◆ WHAT THE TASK ASKS ◆
Look below for the line holding "Stavbaři doplnili ze" and the line holding "Beautiful 4-bedroom,2.5-bathroom two-story". Repeat those two and everything between, exactly.

◆ INFORMATION SHOWN ◆

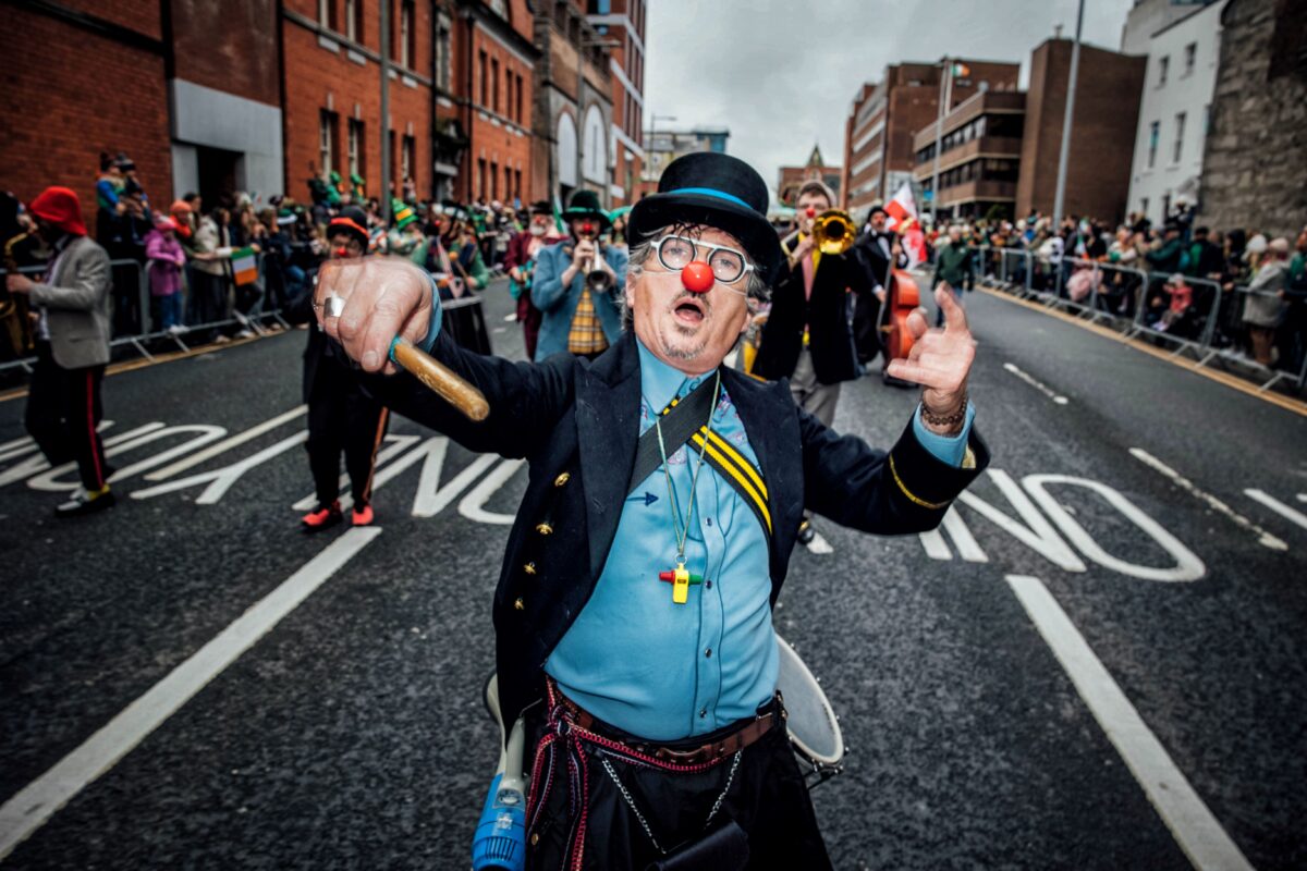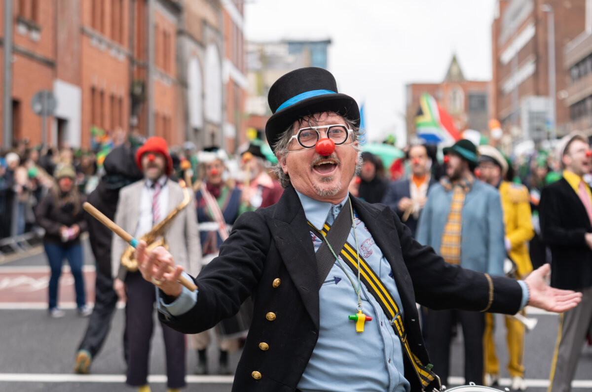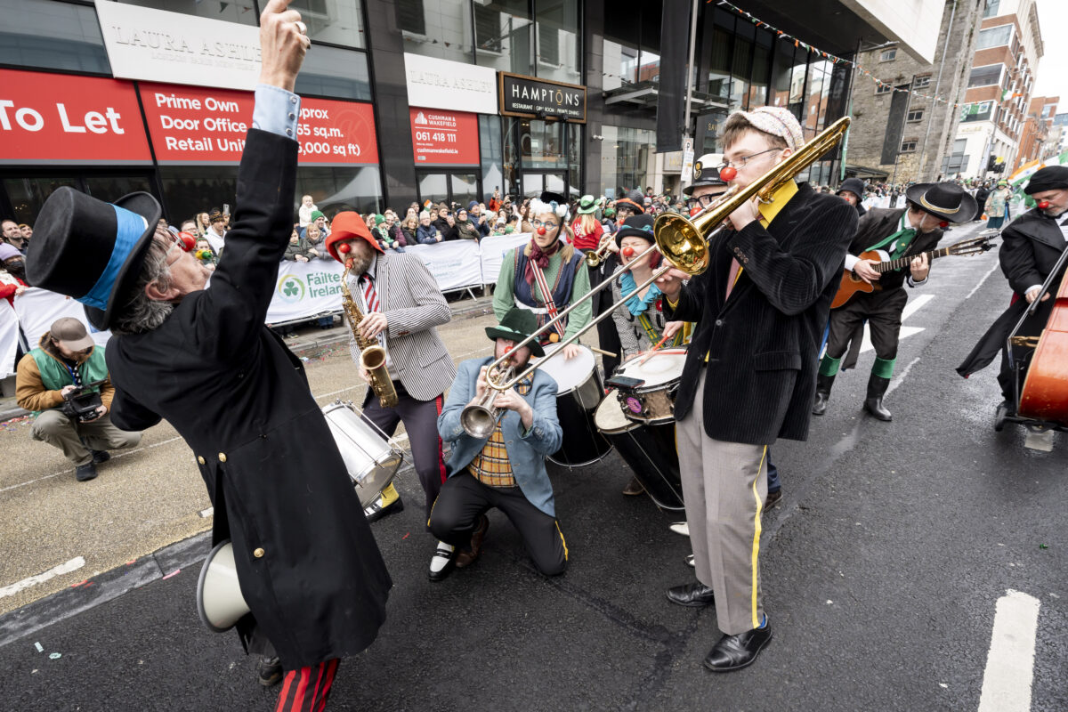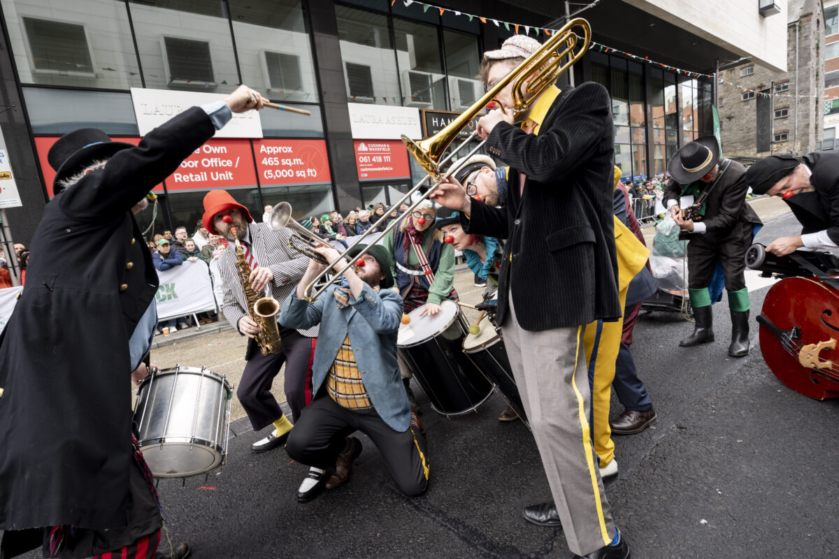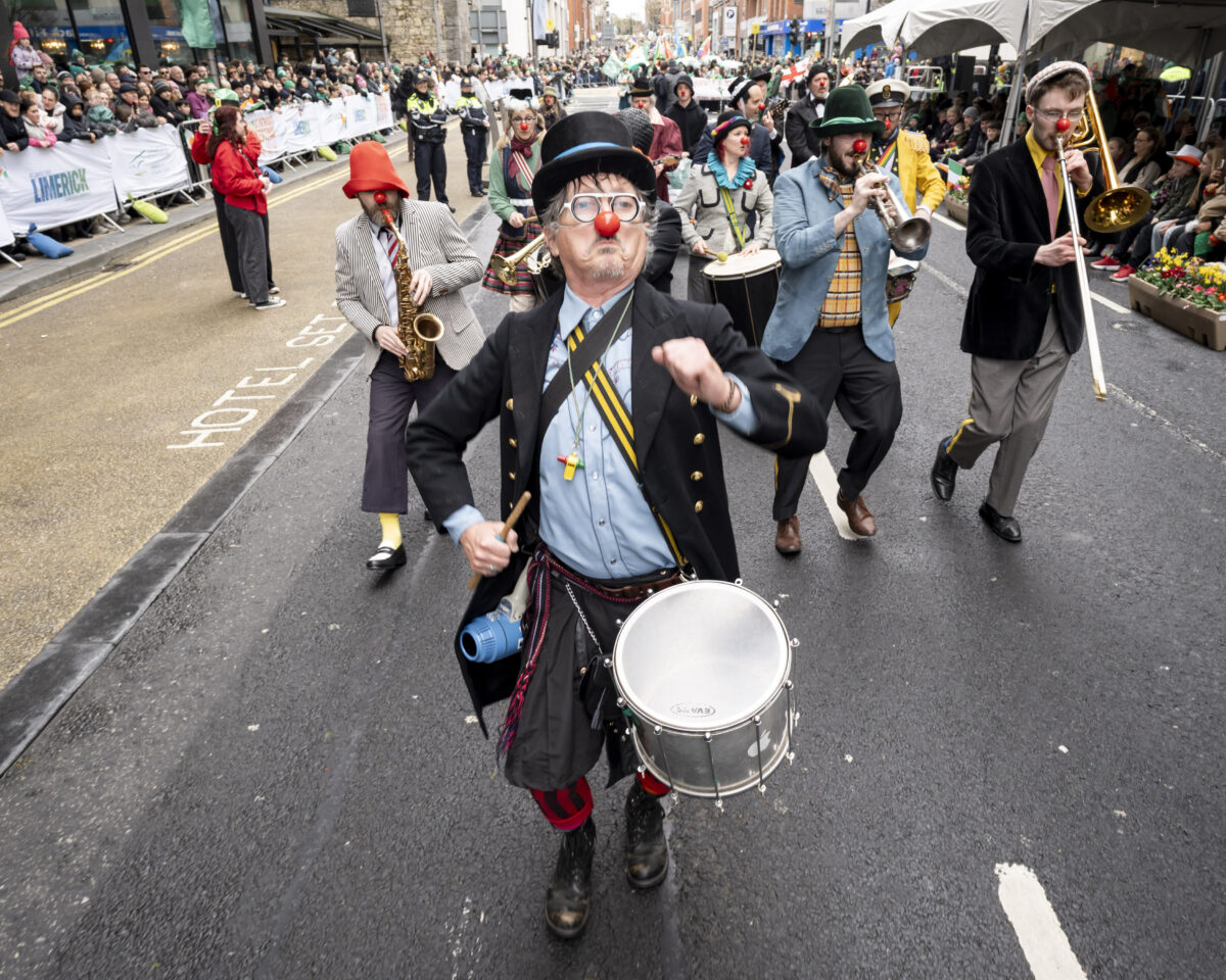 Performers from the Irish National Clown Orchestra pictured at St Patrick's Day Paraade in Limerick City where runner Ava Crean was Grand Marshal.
--
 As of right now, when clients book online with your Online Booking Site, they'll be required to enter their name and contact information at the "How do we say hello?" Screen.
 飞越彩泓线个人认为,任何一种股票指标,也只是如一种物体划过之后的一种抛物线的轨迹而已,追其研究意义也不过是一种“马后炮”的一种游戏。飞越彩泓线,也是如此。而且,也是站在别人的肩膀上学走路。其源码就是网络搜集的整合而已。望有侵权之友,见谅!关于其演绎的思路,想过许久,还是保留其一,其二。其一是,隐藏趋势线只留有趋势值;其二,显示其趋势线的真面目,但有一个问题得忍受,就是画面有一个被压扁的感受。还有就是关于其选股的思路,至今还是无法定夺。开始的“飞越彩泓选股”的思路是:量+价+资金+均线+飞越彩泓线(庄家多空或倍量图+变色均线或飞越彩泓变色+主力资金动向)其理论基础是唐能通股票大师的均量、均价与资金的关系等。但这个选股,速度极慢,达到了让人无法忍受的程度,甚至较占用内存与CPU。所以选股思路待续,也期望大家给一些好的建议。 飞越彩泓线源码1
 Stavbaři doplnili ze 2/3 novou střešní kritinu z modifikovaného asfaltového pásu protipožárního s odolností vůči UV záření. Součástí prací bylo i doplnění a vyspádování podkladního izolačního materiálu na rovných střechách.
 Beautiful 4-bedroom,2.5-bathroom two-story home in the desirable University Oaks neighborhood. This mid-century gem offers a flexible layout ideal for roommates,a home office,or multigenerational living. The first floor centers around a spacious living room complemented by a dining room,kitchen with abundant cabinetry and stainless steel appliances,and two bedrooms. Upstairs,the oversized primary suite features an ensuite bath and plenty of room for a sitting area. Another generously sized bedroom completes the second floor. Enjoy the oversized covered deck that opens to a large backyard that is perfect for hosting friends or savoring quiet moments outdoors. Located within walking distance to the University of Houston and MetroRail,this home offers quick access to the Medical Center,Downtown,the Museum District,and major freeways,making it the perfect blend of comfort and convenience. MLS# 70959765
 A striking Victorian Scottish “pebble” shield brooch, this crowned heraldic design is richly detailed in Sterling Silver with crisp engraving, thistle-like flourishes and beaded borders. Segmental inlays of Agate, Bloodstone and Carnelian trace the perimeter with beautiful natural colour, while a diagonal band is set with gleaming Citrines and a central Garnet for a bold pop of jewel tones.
...
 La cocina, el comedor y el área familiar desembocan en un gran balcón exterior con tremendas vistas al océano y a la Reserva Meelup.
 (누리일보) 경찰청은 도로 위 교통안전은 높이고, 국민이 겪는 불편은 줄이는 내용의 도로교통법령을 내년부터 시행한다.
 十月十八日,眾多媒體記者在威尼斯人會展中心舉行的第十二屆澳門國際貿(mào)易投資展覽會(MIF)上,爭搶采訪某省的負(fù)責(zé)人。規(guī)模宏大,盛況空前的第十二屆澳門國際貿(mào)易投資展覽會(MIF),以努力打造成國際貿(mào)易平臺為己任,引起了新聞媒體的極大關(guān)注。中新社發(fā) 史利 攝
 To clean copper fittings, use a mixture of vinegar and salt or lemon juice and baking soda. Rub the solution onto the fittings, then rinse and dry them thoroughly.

◆ RESPONSE BOX ◆
 Stavbaři doplnili ze 2/3 novou střešní kritinu z modifikovaného asfaltového pásu protipožárního s odolností vůči UV záření. Součástí prací bylo i doplnění a vyspádování podkladního izolačního materiálu na rovných střechách.
 Beautiful 4-bedroom,2.5-bathroom two-story home in the desirable University Oaks neighborhood. This mid-century gem offers a flexible layout ideal for roommates,a home office,or multigenerational living. The first floor centers around a spacious living room complemented by a dining room,kitchen with abundant cabinetry and stainless steel appliances,and two bedrooms. Upstairs,the oversized primary suite features an ensuite bath and plenty of room for a sitting area. Another generously sized bedroom completes the second floor. Enjoy the oversized covered deck that opens to a large backyard that is perfect for hosting friends or savoring quiet moments outdoors. Located within walking distance to the University of Houston and MetroRail,this home offers quick access to the Medical Center,Downtown,the Museum District,and major freeways,making it the perfect blend of comfort and convenience. MLS# 70959765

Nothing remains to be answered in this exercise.